[Collected data]
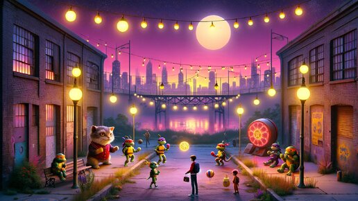 Вечером, когда небо над городом Реутов окрасилось в малиновые и золотистые тона заката, Никита решил пройтись по своей любимой тихой улице. Ему очень нравилось, как круглые фонари загораются в сумерках, придавая улице почти сказочный вид. Никита был обычным школьником, но у него была одна большая мечта - стать таким же сильным и отважным, как его любимые герои, черепашки Ниндзя. Каждый вечер он представлял себя в их роли, сражаясь с злыми силами и защищая мирных жителей. Проходя мимо старого складского здания, Никита неожиданно заметил яркий свет, который просачивался сквозь щели в воротах...
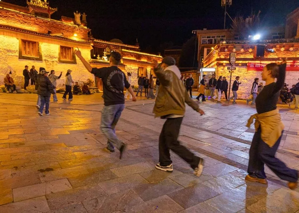 As we stroll back to our hotel,we see people dancing in the square. This small but lively tradition has local people dancing the Guozhuang in a large circle. It’s very casual with people joining and leaving at will and very charming.
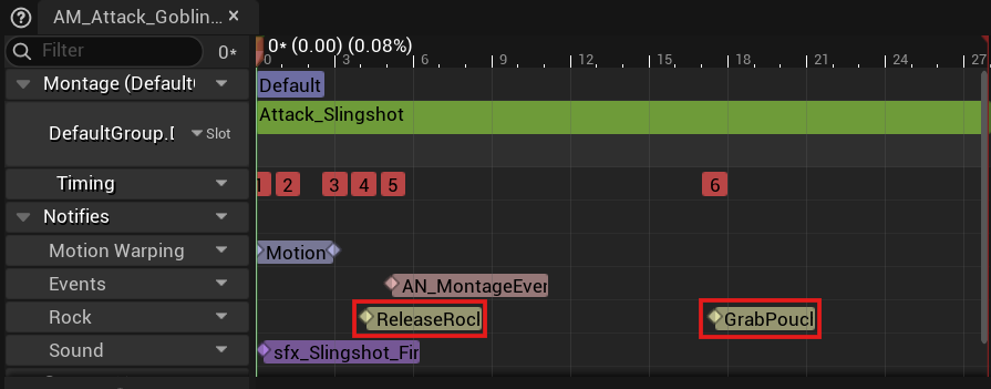 - ReleaseRock 이벤트 : 새총의 당겨지는 애니메이션 몽타주를 재생
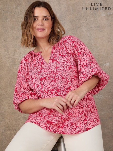 Live Unlimited Pink Floral Print Raglan Puff Sleeve Blouse
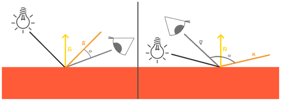 在镜面反射中,我们通过计算出射方向和视点的夹角来确定反射光的强度,在计算机中计算反射向量R的计算量比较大。因此我们可以用其他计算方法近似替代。
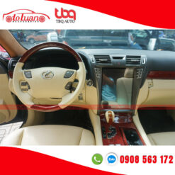 Khâu da vô lăng bọc da nắp kèn Lexus LS460 màu kem
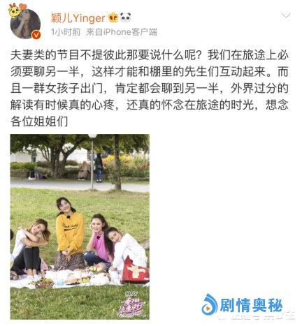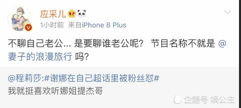 谢娜还没有在微博说什么,《妻子的浪漫旅行》的其他三个人就在微博上开始为谢娜路见不平了!颖儿称“我们在旅途中是必须要聊到另一半的!不聊这个聊什么呢”
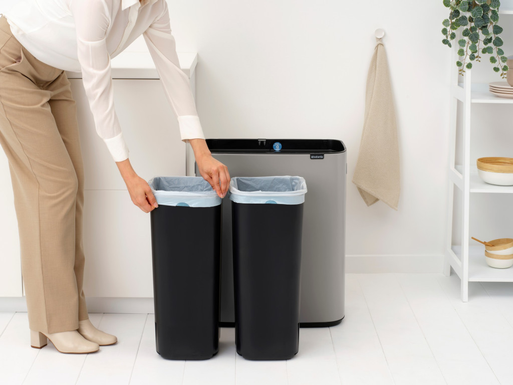 Elegáns hamvasszürke (Soft Grey) kivitelű, nagy kapacitású szelektív hulladékgyűjtő a Brabantia-tól. A két 30 literes tartállyal és innovatív Soft-Touch nyitórendszerrel ellátott Bo Touch Bin ötvözi a környezettudatos praktikumot és a nyugodt, kifinomult designt.
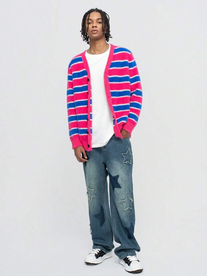 Prep Men's Loose Fit Casual Striped Long Sleeve Cardigan, Autumn/Winter

> **WORK REQUEST**:
Using the records above, return word for word the lines that begin at the one containing "Live Unlimited Pink" and end at the one containing "谢娜还没有在微博说什么,《妻", both of them included and no pictures.

> **EXERCISE ANSWER**:
 Live Unlimited Pink Floral Print Raglan Puff Sleeve Blouse
 在镜面反射中,我们通过计算出射方向和视点的夹角来确定反射光的强度,在计算机中计算反射向量R的计算量比较大。因此我们可以用其他计算方法近似替代。
 Khâu da vô lăng bọc da nắp kèn Lexus LS460 màu kem
 谢娜还没有在微博说什么,《妻子的浪漫旅行》的其他三个人就在微博上开始为谢娜路见不平了!颖儿称“我们在旅途中是必须要聊到另一半的!不聊这个聊什么呢”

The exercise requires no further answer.